Parts Shortages & Delays

Supply chain issues are another major factor. Many car parts have become harder to source than they were a few years back, specially for newer models and imported vehicles. The lack of these parts (scarcity) makes the prices go up, and the wait time increases. 

These delays end up costing even more money to insurers. Since they still have to pay for storage fees and provide rental cars, all while the repairs are still pending. And in some cases these extra costs are the deciding factor that turn a simple repair into a write-off. For insurers, writing off a car early is way cheaper than waiting for its parts to arrive.

Increased Vehicle Value

The value of vehicles has increased since 2019, for both new and used cars. You would think that higher values would mean that write-offs have reduced but the opposite has happened.

While the scrap car market has risen, the value of specific older vehicles may still be low. When a car is damaged, the cost of repairing its high-tech parts cost more than the car’s market value itself. The gap between repair cost and vehicle worth keeps on widening. It is particularly true for old cars who are at the end of their insurance cycle.

Aging Fleet

The vehicle fleet of Australia is getting older. The average age of cars on the road is projected to reach around 13 years by 2026. You see older vehicles have low market value even if they run just fine.

When any car meets an accident, insurers are more likely to declare them uneconomical due to high repair costs. As a result, more damaged cars are being written off. These old cars, which would have been repaired completely and returned on the road in another time are now sent for scrapping. This aging trend alone guarantees a slow rise in write-off numbers.

EV (electric vehicle) repair complexity

EVs add another layer to the challenge as well. See, EV batteries are expensive, sensitive, and highly regulated. Even a small damage near a battery system can trigger safety concerns, and there are only a limited number of qualified technicians that can repair EVs in Australia.

And because of this skills shortage and the high cost of battery components, it becomes an easy decision for insurers to write-off an EV rather than have it repaired even if the incident is minor. As EV adoption in Australia increases, these write-offs will become more and more common, sending newer and newer cars for scrapping.

What it means for scrap car industry

The rising number of write-offs has several implications for the car scrapping industry:

Increased volume of ELVs

The industry will see a large volume of ELVs entering the systems.
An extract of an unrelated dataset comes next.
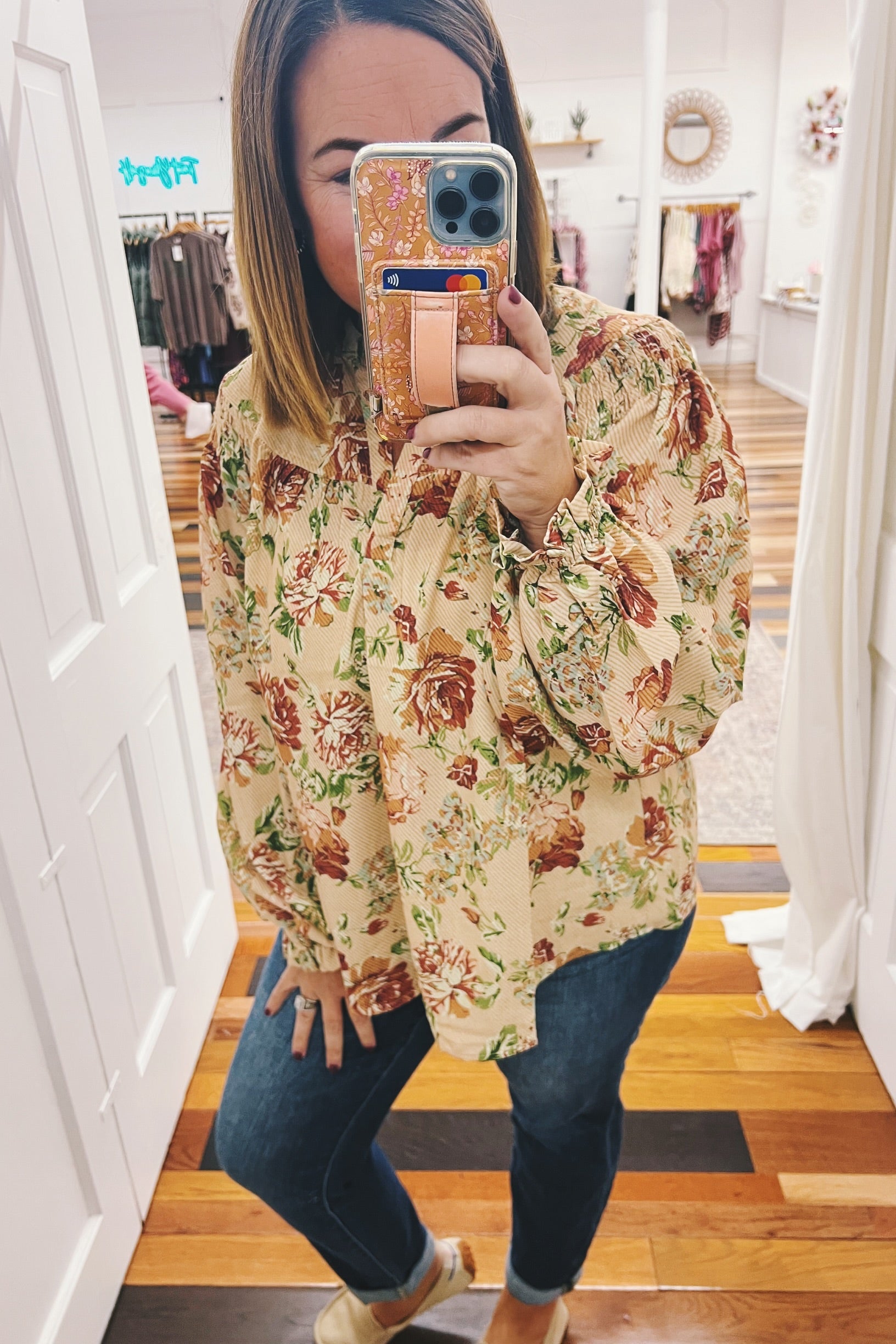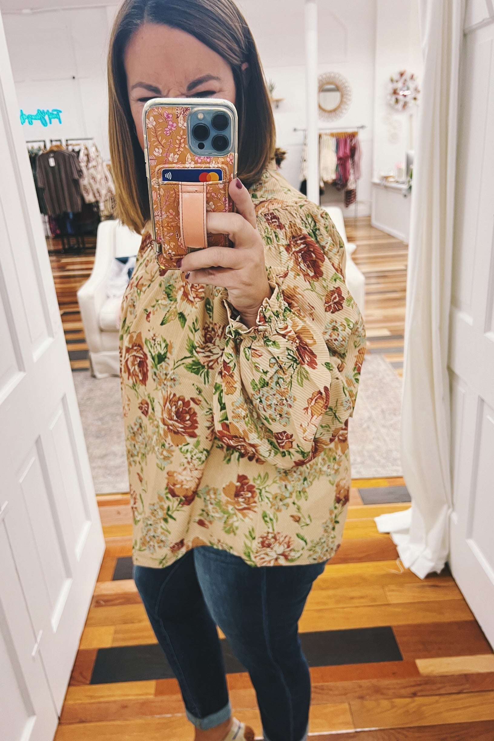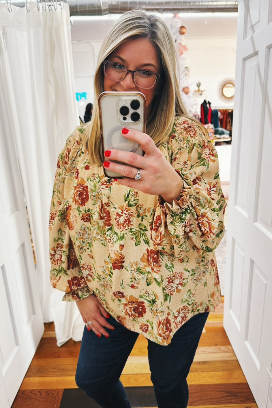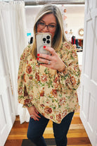 Introducing the Jocelyn Smocked Shoulder Floral Top—your new go-to for effortless elegance. This gorgeous piece features a timeless vintage floral print in soft, muted tones that pairs beautifully with everything in your closet. The smocked shoulders and elastic cuffs create a flattering, flowy silhouette that leaves you feeling so pretty. Whether you're gathering around the table this Thanksgiving or heading out for a casual weekend adventure, this top delivers comfort without compromising on style. It's the kind of piece that makes you feel put-together without even trying.

This would include not just old cars and wrecked cars, but newer cars that are technically repairable but have been written off because repair costs are too high and are labelled as “total loss” by insurers. And this would increase the need for efficient scrap processing and a compliant car removal industry will grow, particularly in urban areas like Sydney.

Recycled parts market

The high cost and scarcity of new parts is causing both the mechanic and the consumer to use second hand, recycled parts. It will create demand for both salvaged parts and support a more circular economy. Scrap yards and cash for cars service providers play a key role in feeding into this supply chain.

Recycling standards and new challenges

The increase in write-offs are pushing the industry to have a more standardised recycling process and laws. You see the growing number in ELVs is highlighting the need for a more nationally consistent approach to recycle vehicles in Australia. Industry organisations like FCAI and MTAA are focusing on product stewardship schemes that aim to improve material recovery, manage harmful components, and as a result reduce landfill waste.

Technological Challenges

The increase in the number of EV adoption is causing technological challenges that recycling facilities are not prepared for. You know, newer cars have more plastic and electric parts as compared to old traditional ones before. EV batteries especially need to be handled and processed carefully. Businesses offering car removal and recycling services that adapt to this change and get proper equipment, trained staff will be able to position themself better in the market.

Conclusion 

In short, insurance write-offs are not increasing because cars are getting worse. These numbers are increasing because cars are becoming more complex, repairs are expensive. By 2026, these write-offs are only expected to increase rather than ease. For insurers, it means that they can deem more claims as total loss. For drivers, it means that they have to pay higher premiums and get few repair approvals. And for the scrap car removal and recycling industry, it means managing Australia’s evolving vehicle lifecycle appropriately.